Post by sn0wchyld » Sep 20 2017 4:23am

Raged wrote:
sn0wchyld wrote:
In Australia we do not have free gov healthcare, we have socialised healthcare. We all pay for it every time we get paid, or buy anything. And even then, its not 'free' in that regard, as there are numerous expenses not covered by medicare (MRI is a common one). The gov doesn't pay for it, they mandate that we all do.

And as rhino mentioned, by this logic even further intrusions into how individuals run their own lives are thus justified. far more for instance die as a result of over eating, lack of activity and other harmful habits - do you think we should start making laws to fine fat people going to maccas, unfit people from playing too many games, and smokers from smoking, because the gov (read - the people) wear the costs? Because principally there's no difference. There's a number of diseases that are highly heritable. Should we be fining parents for not checking for such diseases? for still having kids despite knowing it?

This also skips over the fact that the introduction of helmet laws had a marginal, if any, impact on fatalities and injuries - rates fell after laws were introduced around 1990, but the rates of cycling also reduced - by approximately the same amount. It may even be that helmet laws have increased the rates of death, due to reduced rates of exercise, particularly among children and teenagers. This would also mean much greater impact on those socialised healthcare costs too, if reducing costs is the primary objective...
https://www.theguardian.com/news/databl ... -australia
https://www.google.com.au/url?sa=t&rct= ... ShtEaEcFsw

In any case my point remains that peoples behaviour that only endangers themselves (or presents minimal risk to others, though where that line lies is up for debate) should be largely, or entirely unregulated. People have no choice to participate in our socialised healthcare system, quite the opposite, they will be imprisoned if they dont. I fail to see how that can possibly justify further intrusions into peoples lives in order to 'reduce the cost that its mandated you will pay'.

And just to be abundantly clear, I think wearing a helmet is in 90% of cases (particularly on a ebike) a good idea - this is coming from some one who's had some crashes where wearing one would have actually made things worse. I dont think however that the gov should be enforcing how people are to live their lives 'for your own good', no matter how small the intrusion.
You only pay the medicare levy when you earn over $80,000 ? If you make over $80k/year then you have the option to pay the levy (is it 1% or 1.5%?) or take out personal health insurance to reduce your burden on the public system. It's not a perfect solution, but it's the best that has been brought up to cater for most people considering the average Australian wage is still around $54k and the levy only targets "high earners" to support the less fortunate. I personally dont have an issue paying that levy or for personal health insurance as I've been on the other side and have needed to use it. With the system in place, an Australian citizen will receive the full medical protection regardless of their income/status in life. It's a very very good safety net. Having travelled around the world, I would say it is one of the most fair systems in place.

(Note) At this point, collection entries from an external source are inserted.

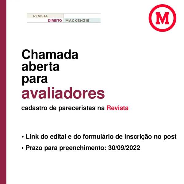 Está aberta nova chamada para avaliadores da Revista Direito Mackenzie! A Revista Direito Mackenzie, buscando ampliar sua equipe editorial e diversificar seu perfil, convida pesquisadores e pesquisadoras com título de doutorado do Brasil e exterior para atuarem como pareceristas ad hoc. De forma coincidente às Áreas de Concentração do Programa de Pós-Graduação Stricto Sensu em... Continuar Lendo →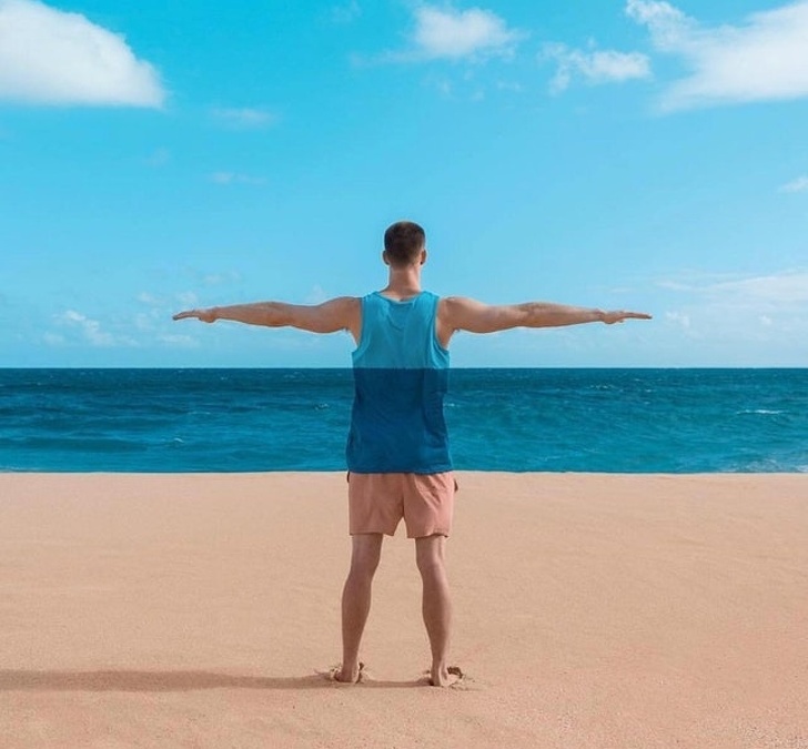 30. ¡La combinación de colores entre su atuendo y la playa es impecable!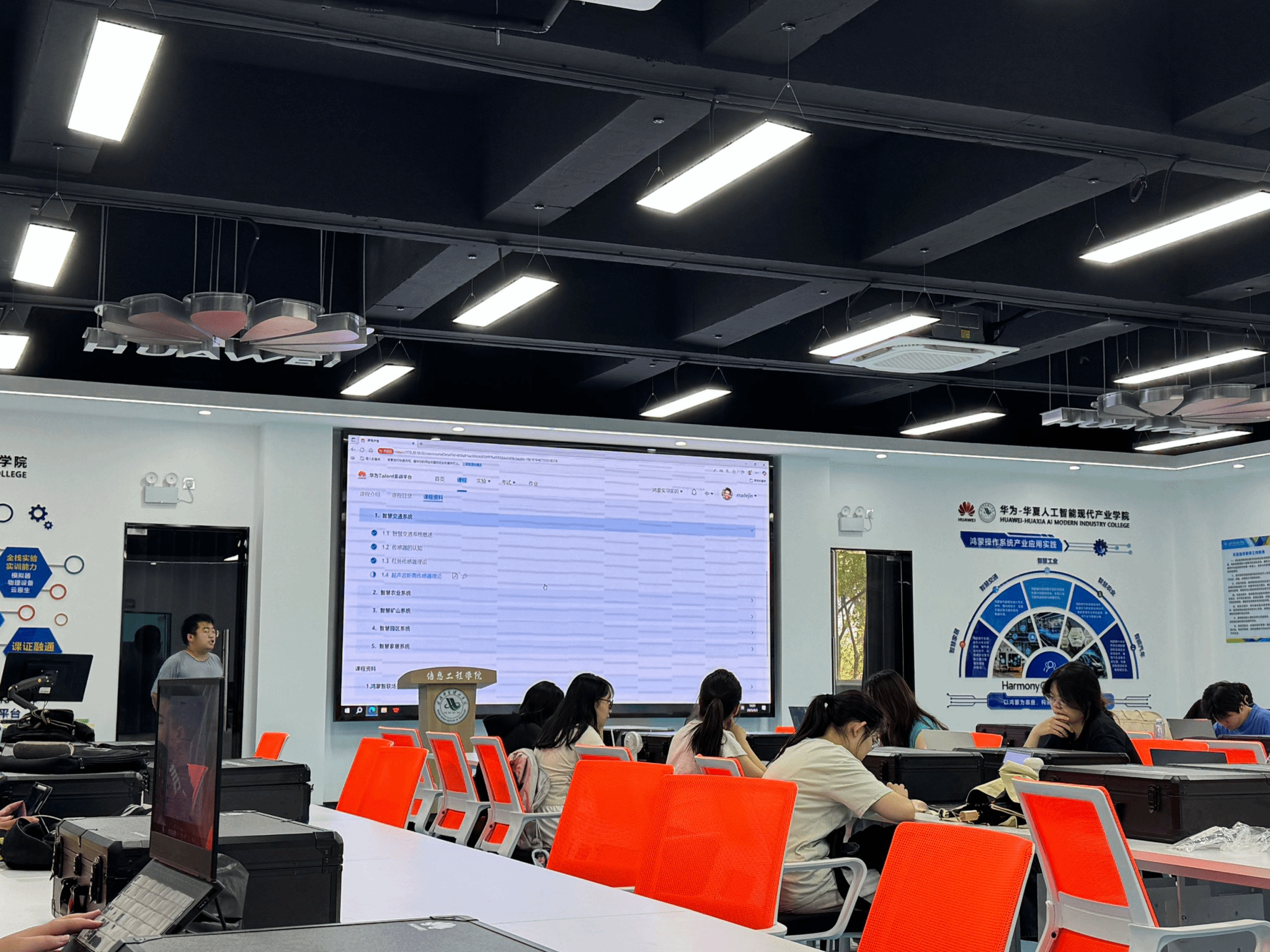 马德进老师主讲鸿蒙南向开发,马老师将底层硬件知识通过设备细致地给同学们进行讲解,通过分步分实验方式让同学们调试、运行,同学们在通关过程中将硬件知识和软件知识进行结合,提升了专业技能深度和广度。

Imagine a system if you didnt have appropriate insurance or money, you'd just be frocked for life with either a permanent injury (no rehab) or staggering medical bills. That system would just empower the rich and burden the less fortunate. A simple act of falling off your bike and slipping a spine disc would be near terminal in a labouring career. Under medicare, it's mostly covered ( I do understand there's a 3 month waiting period for operations ).

The rates of death/lack of fitness/obesity is not directly correlated to cycling. It's just a manipulation of statistics. 1990s was the golden age of personal computers and you suddenly had a whole generation of youth playing video games etc. People who want to cycle will cycle... those who dont... wont. Correlation is not causation. Look at the kids who would rather spend the weekend on their iphone than go for a bushwalk and you get the idea... Wearing a helmet or not has zero impact on their decisions.

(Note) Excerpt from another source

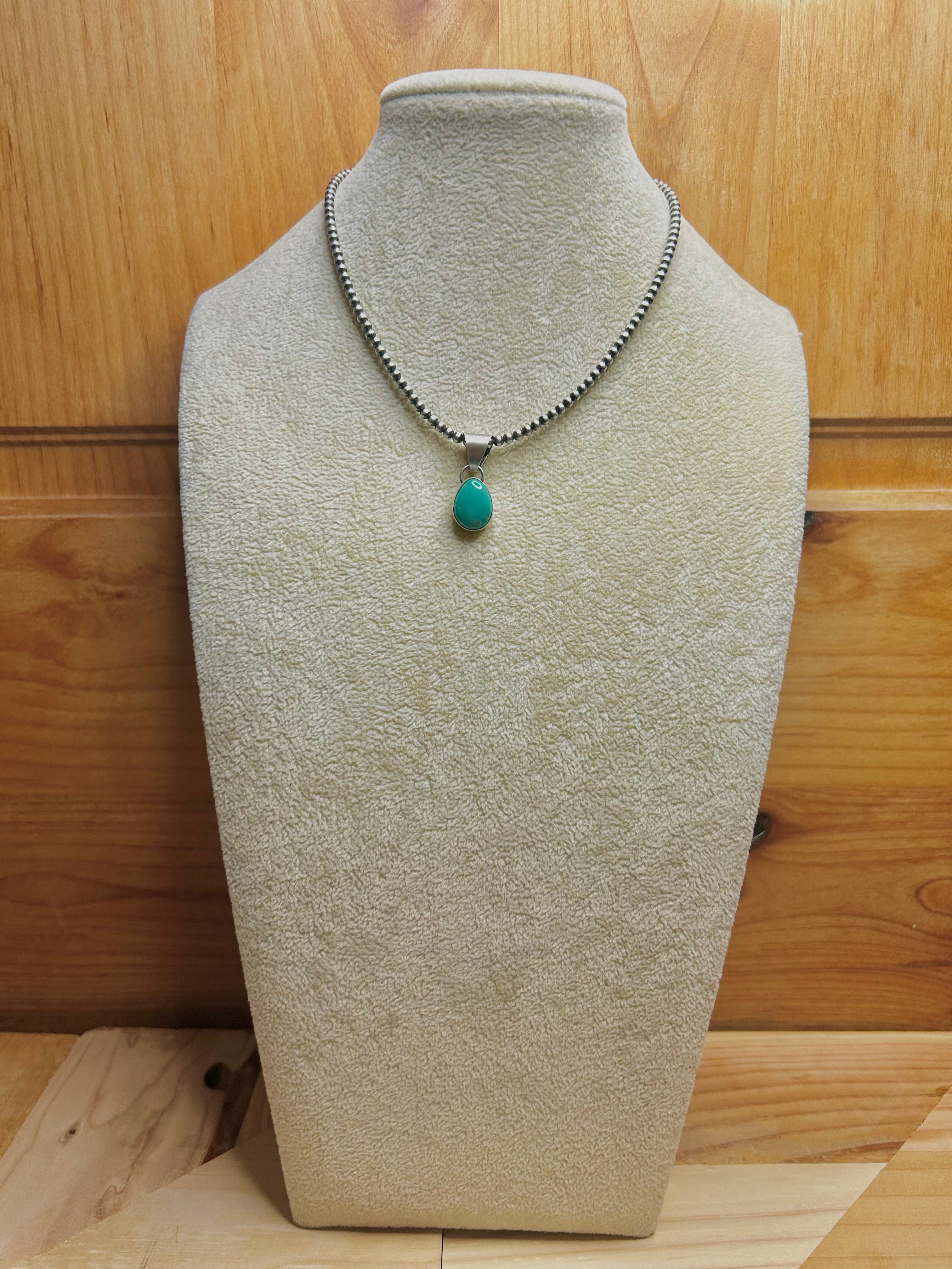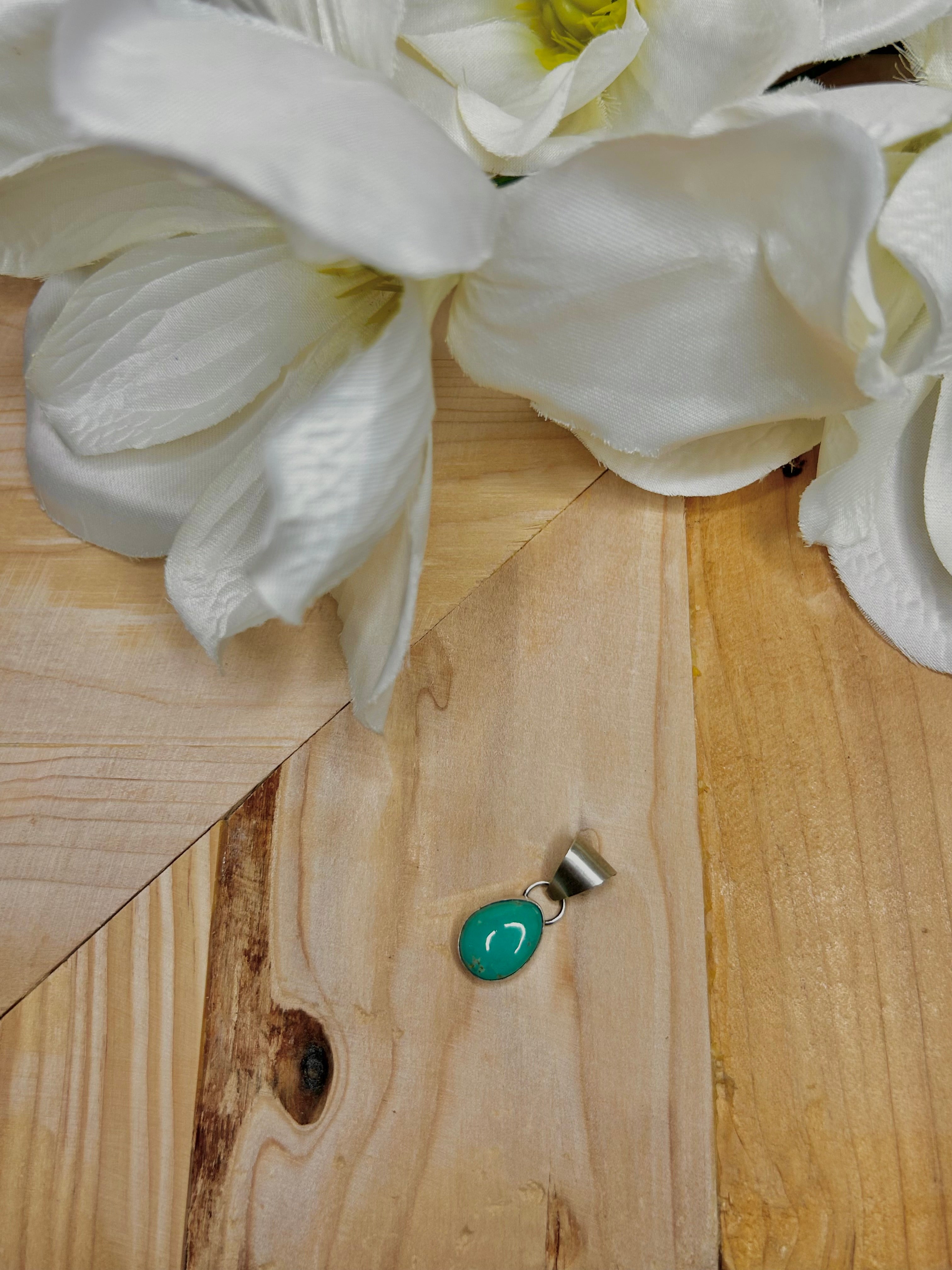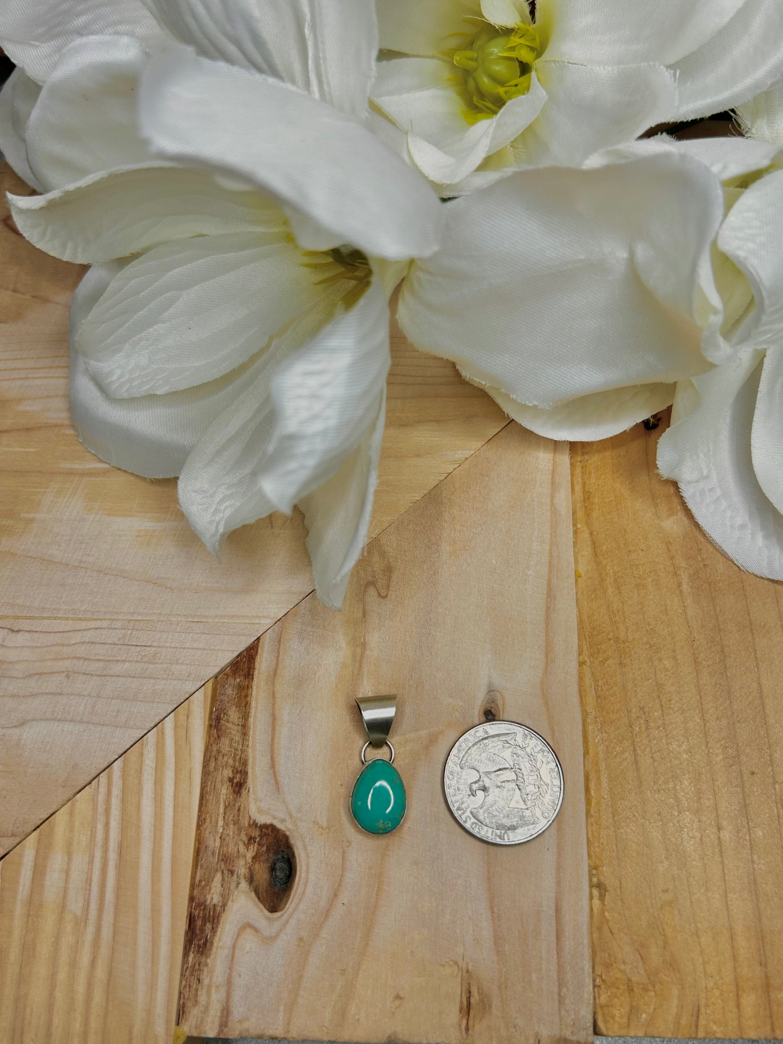 Navajo Made Kingman Turquoise & Sterling Silver Pendant. It measures 1 1/4 inch long and 1/2 of an inch wide. Pendant Only. Signed by the artist and stamped sterling silver.

Smokers are getting punished btw. A pack of smokes in Asia is about AUD$2.50... A pack in Australia is about $30 now after the last increase. Government intervention to reduce smokers and the harmful effect it has on the health system which is 100% preventable. Same with alchohol... I was in the US earlier this year where a bottle of Vodka was $18 at the local ABC shop... Same bottle in Australia was $40 due to additional taxes. The government is just using the methods available to them to discourage excessive smoking/drinking.

In regards to wearing a helmet reducing healthcare costs... It may be the difference between a broken arm with concussion vs a broken arm and brain damage.

I do however believe in free choice... However I believe the government "should" try to protect the people as best they can. Whether it is financially driven or not, it is about the quality of life of an individual and reducing the risk and damage an accident can cause.
Apologies for long post - a few points i want to address...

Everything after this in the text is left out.